Negative (vehicle) and positive control treatments were included in each mutation experiment in the absence and presence of S-9. Mutant frequencies in negative control cultures fell within acceptable ranges, and clear increases in mutation were induced by the positive control chemicals 4-nitroquinoline 1-oxide (without S-9) and benzo(a)pyrene (with S-9). Therefore the study was accepted as valid.

In Experiments 1 and 2, the mutant frequencies of the concentrations plated were all less than the sum of the mean control mutant frequency plus the global evaluation factor (GEF), indicating a negative result.
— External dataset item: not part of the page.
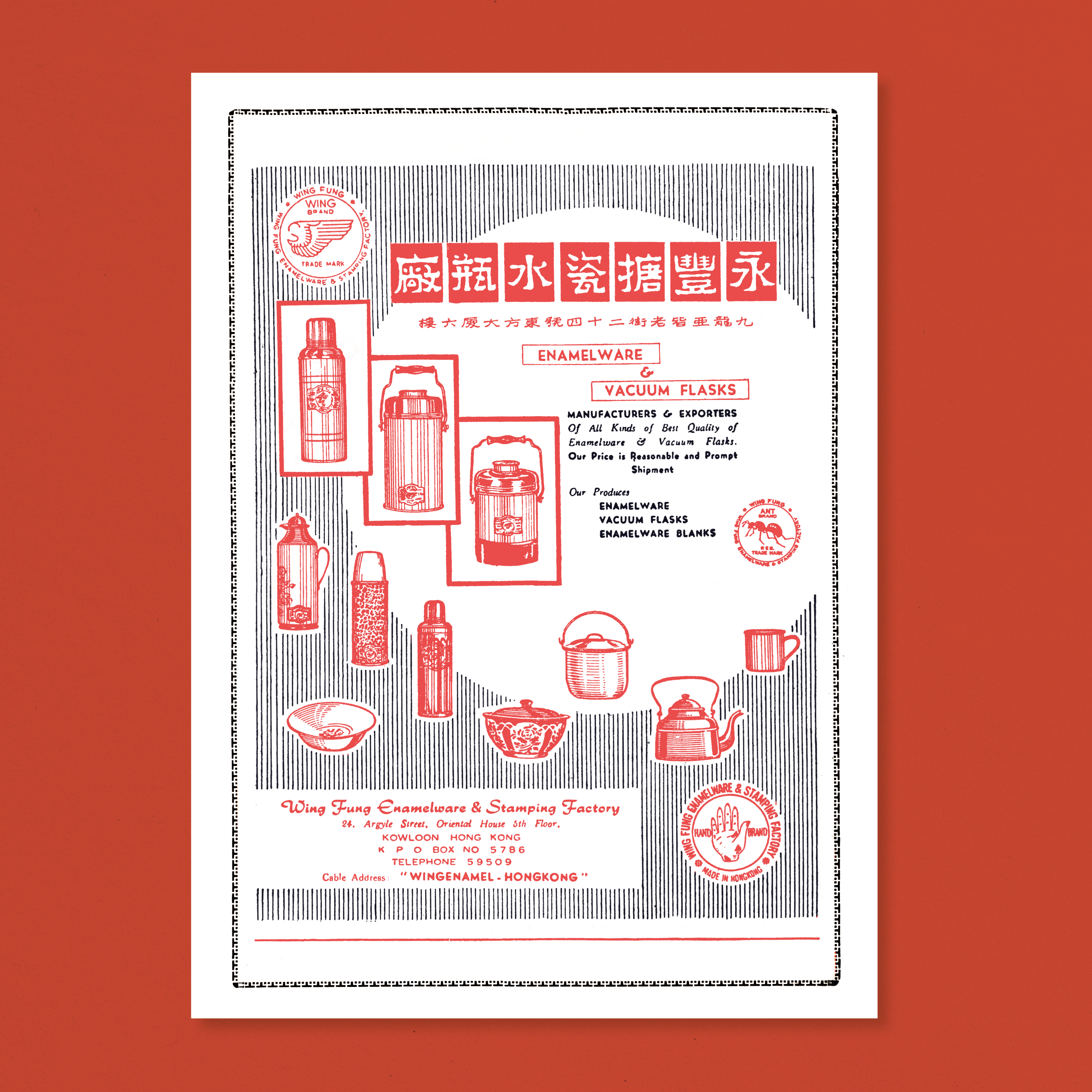六十年代,Made in Hong Kong「香港製造」不但滲透我們的生活當中,也大量行銷海外。這些六十多年前的廣告,絕大部分仍用人手繪畫的插圖和美術字體,突顯產品的創意和特色,反映出當時的美學設計特色外,也說明了不同類型工廠曾經分佈在本港各個社區的歷史。

A significant linear trend was observed in the presence of S-9 in Experiment 1 but, in the absence of any marked increases in mutant frequency at all concentrations analysed in this experiment, this observation was not considered biologically relevant.

It is concluded that JORDAPON SCI (90) did not induce mutation at the tk locus of L5178Y mouse lymphoma cells when tested under the conditions employed in this study. These conditions included treatments up to toxic concentrations in two independent experiments in the absence and presence of a rat liver metabolic activation system (S-9).